* Exercise data
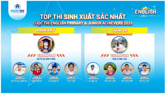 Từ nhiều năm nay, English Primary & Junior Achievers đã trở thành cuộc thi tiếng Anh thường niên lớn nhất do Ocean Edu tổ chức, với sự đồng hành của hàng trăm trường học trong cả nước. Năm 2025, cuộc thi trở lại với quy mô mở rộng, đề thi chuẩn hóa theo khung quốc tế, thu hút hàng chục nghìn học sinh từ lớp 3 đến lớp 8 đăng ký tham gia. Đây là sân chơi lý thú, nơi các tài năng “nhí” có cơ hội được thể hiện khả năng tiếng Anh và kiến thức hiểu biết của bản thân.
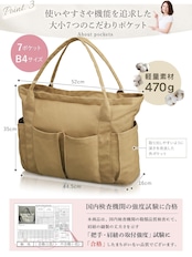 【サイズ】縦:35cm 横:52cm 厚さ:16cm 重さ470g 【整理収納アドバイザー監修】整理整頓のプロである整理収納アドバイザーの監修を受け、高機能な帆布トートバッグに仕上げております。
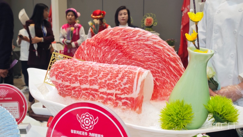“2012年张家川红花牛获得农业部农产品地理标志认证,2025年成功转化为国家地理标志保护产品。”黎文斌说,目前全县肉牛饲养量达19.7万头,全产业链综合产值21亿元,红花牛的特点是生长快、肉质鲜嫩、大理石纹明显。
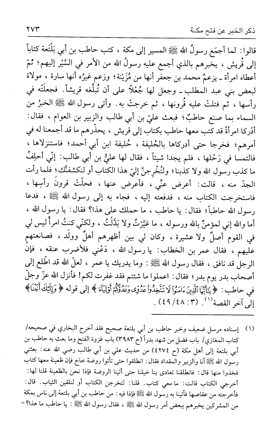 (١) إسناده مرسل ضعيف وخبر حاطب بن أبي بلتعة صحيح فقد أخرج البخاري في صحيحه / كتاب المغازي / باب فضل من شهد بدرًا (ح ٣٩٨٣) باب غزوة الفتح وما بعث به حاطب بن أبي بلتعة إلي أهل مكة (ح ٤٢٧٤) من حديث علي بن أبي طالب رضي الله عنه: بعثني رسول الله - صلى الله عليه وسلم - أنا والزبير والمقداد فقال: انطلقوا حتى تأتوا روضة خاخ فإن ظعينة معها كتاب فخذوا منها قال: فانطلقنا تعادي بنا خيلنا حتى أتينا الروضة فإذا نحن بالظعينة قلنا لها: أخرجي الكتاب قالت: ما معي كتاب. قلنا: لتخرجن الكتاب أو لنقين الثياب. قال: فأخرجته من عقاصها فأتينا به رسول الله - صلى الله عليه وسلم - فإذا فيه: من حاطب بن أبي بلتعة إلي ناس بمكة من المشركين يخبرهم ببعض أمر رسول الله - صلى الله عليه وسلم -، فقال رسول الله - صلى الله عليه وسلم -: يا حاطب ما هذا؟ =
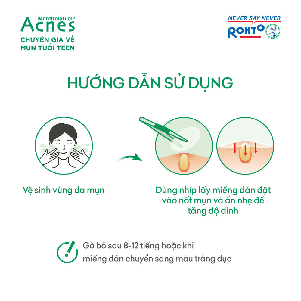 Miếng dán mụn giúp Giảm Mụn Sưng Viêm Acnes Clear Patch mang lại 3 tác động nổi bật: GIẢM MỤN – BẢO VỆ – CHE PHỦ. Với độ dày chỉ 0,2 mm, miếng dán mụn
--
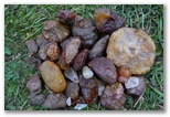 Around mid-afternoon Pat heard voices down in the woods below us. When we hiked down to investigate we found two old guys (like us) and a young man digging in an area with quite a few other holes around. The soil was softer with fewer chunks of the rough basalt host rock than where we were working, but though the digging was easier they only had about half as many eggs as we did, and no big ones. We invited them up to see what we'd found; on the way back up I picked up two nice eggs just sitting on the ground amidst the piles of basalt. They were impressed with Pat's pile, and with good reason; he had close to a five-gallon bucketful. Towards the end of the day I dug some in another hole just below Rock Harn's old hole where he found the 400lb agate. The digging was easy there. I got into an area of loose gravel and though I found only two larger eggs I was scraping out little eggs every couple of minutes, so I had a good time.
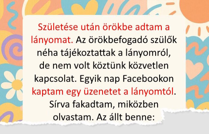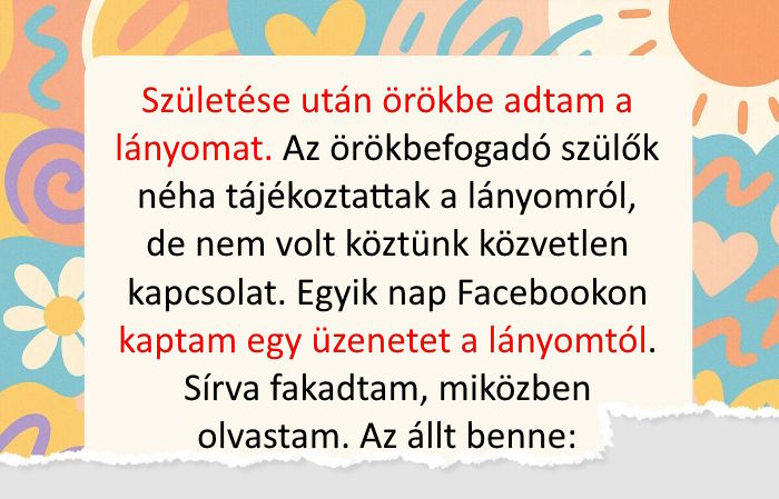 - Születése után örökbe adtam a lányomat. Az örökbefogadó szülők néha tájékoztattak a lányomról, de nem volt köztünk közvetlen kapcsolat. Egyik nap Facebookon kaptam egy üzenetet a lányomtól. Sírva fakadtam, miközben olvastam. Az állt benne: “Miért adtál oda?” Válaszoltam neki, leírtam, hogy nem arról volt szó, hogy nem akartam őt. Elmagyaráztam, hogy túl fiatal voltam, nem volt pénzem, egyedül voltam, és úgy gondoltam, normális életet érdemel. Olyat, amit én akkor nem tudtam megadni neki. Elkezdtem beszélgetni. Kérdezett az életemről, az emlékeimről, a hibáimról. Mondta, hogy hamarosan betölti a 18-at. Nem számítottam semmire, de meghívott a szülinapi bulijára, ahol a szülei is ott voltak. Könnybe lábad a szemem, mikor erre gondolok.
--
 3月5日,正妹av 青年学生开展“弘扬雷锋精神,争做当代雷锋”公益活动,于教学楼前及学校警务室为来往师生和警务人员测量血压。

* What is needed
What is needed is an exact copy of the lines above from the one with "Từ nhiều năm" to the one with "(١) إسناده مرسل", both ends kept, and nothing more; please leave the pictures out.

* Solved problem
 Từ nhiều năm nay, English Primary & Junior Achievers đã trở thành cuộc thi tiếng Anh thường niên lớn nhất do Ocean Edu tổ chức, với sự đồng hành của hàng trăm trường học trong cả nước. Năm 2025, cuộc thi trở lại với quy mô mở rộng, đề thi chuẩn hóa theo khung quốc tế, thu hút hàng chục nghìn học sinh từ lớp 3 đến lớp 8 đăng ký tham gia. Đây là sân chơi lý thú, nơi các tài năng “nhí” có cơ hội được thể hiện khả năng tiếng Anh và kiến thức hiểu biết của bản thân.
 【サイズ】縦:35cm 横:52cm 厚さ:16cm 重さ470g 【整理収納アドバイザー監修】整理整頓のプロである整理収納アドバイザーの監修を受け、高機能な帆布トートバッグに仕上げております。
“2012年张家川红花牛获得农业部农产品地理标志认证,2025年成功转化为国家地理标志保护产品。”黎文斌说,目前全县肉牛饲养量达19.7万头,全产业链综合产值21亿元,红花牛的特点是生长快、肉质鲜嫩、大理石纹明显。
 (١) إسناده مرسل ضعيف وخبر حاطب بن أبي بلتعة صحيح فقد أخرج البخاري في صحيحه / كتاب المغازي / باب فضل من شهد بدرًا (ح ٣٩٨٣) باب غزوة الفتح وما بعث به حاطب بن أبي بلتعة إلي أهل مكة (ح ٤٢٧٤) من حديث علي بن أبي طالب رضي الله عنه: بعثني رسول الله - صلى الله عليه وسلم - أنا والزبير والمقداد فقال: انطلقوا حتى تأتوا روضة خاخ فإن ظعينة معها كتاب فخذوا منها قال: فانطلقنا تعادي بنا خيلنا حتى أتينا الروضة فإذا نحن بالظعينة قلنا لها: أخرجي الكتاب قالت: ما معي كتاب. قلنا: لتخرجن الكتاب أو لنقين الثياب. قال: فأخرجته من عقاصها فأتينا به رسول الله - صلى الله عليه وسلم - فإذا فيه: من حاطب بن أبي بلتعة إلي ناس بمكة من المشركين يخبرهم ببعض أمر رسول الله - صلى الله عليه وسلم -، فقال رسول الله - صلى الله عليه وسلم -: يا حاطب ما هذا؟ =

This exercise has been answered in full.